Hello,
The definition of temperature is such that it can be thought of as a direct measure of the level of molecular motion (a simplification) i.e. hot objects contain molecules that exhibit more motion than those in a cooler object (in general...again, a valid simplification). Think of molecular motion as vibrational and translational i.e. each molecules vibrates as it moves (translates) around.
The density of a gas is simply the mass per unit volume, which is affected by temperature. A higher temperature means more molecular motion (by definition). More molecular motion means, when they hit things, the molecule's impart more force which in turn means the pressure exerted by the gas increases - this causes the gas to exert more force on the walls of its container and, assuming it has enoughy give, cause the container (and therefore the volume occupied by the gas) to expand. Same mass in a bigger volume means lower density.
As density is just mass per unit volume you can see that if you imagine a certain number of gas molecules then it is the distance between them in a certain region which determines the density i.e. if they're far apart then there'll be less in a given volume therefire there'll be less mass in a given volume i.e. the density is lower.

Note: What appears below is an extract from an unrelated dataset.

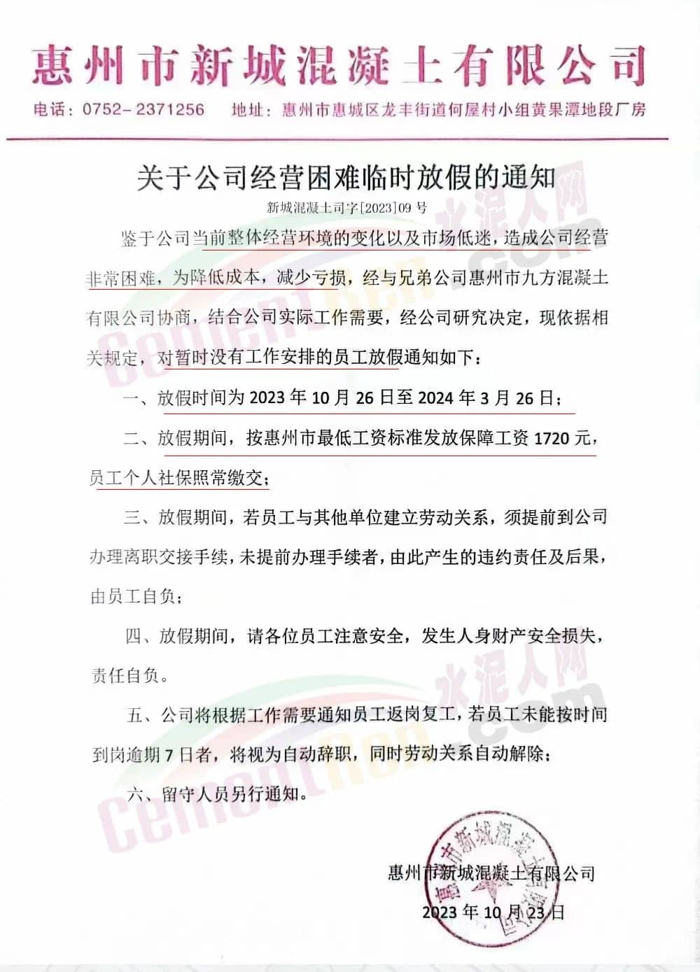 日前,廣東惠州市新城混凝土有限公司發(fā)布《關(guān)于公司經(jīng)營(yíng)困難臨時(shí)放假的通知》稱,鑒于公司當(dāng)前整體經(jīng)營(yíng)環(huán)境的變化以及市場(chǎng)低迷,造成公司經(jīng)營(yíng)非常困難,為降低成本,減少虧損,經(jīng)與兄弟公司惠州市九方混凝土有限公司協(xié)商,結(jié)合公司實(shí)際工作需要,對(duì)暫時(shí)沒有工作安排的員工從2023年10月26日至2024年3月26日放假。放假期間,按惠州市最低工資標(biāo)準(zhǔn)發(fā)放保障工資1720元,員工個(gè)人社保照常繳交。

Even if the individual molecules expanded by any appreciable degree (which they don't really) e.g. they doubled in size, you can picture how this would have no real impact on the density: there would still be more or less the same number in a given volume (say 1m^3), they'd just be a "stretched" a bit more - you can see this by just sketching a box with some molecules in then strecthing each one - the number of molecules is, for all intents and purposes, the same. This means the mass in the volume is unchanged which means the density is unaffected.
Thus it's the temperature (= molecular motion) of the substance that affects density, not any expansion/contraction of the individual molecules (which is practically non-existent anyway).
Hope this helps,
V1R